The Party is a 2017 British black comedy film written and directed by Sally Potter. The film was shot in black and white and features a seven-actor ensemble of Patricia Clarkson, Bruno Ganz, Cherry Jones, Emily Mortimer, Cillian Murphy, Kristin Scott Thomas and Timothy Spall.

It was selected to compete for the Golden Bear in the main competition section of the 67th Berlin International Film Festival and was awarded the Guild Film Prize. The film received positive reviews from critics.

Plot
Janet, a politician for the opposition party, has just been announced as shadow minister for health and is having a small celebratory party at her house. Invited are her friends April; April's estranged German partner Gottfried, a life coach and self-proclaimed spiritual healer; women's studies professor Martha; her partner Jinny, a renowned chef; and Janet's colleague and subordinate Marianne with husband Tom, a handsome younger banker.

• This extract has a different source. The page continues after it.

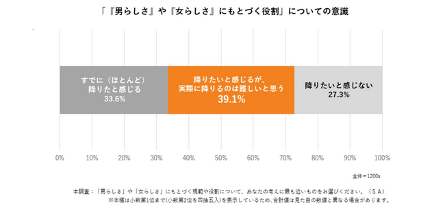 「性別にもとづく役割から降りたいが難しい」と感じる人は全体の4割。
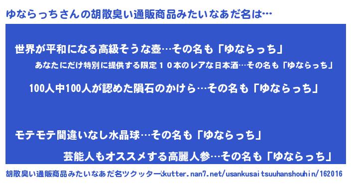 | 男性向けラノベタイトル風あだ名 | 『おまえをオタクにしてやるから、俺をゆならっちにしてくれ! 』 |

Before the party begins and after the guests arrive, Janet's husband Bill slumps in his chair listening to jazz, staring vacantly, and drinking several glasses of wine. All invited guests arrive with the exception of Marianne, who Tom says vaguely will arrive later. Tom is visibly agitated and immediately locks himself in the bathroom, where he cuts and snorts cocaine, examines a handgun he has brought with him and nervously eggs himself on in the bathroom mirror.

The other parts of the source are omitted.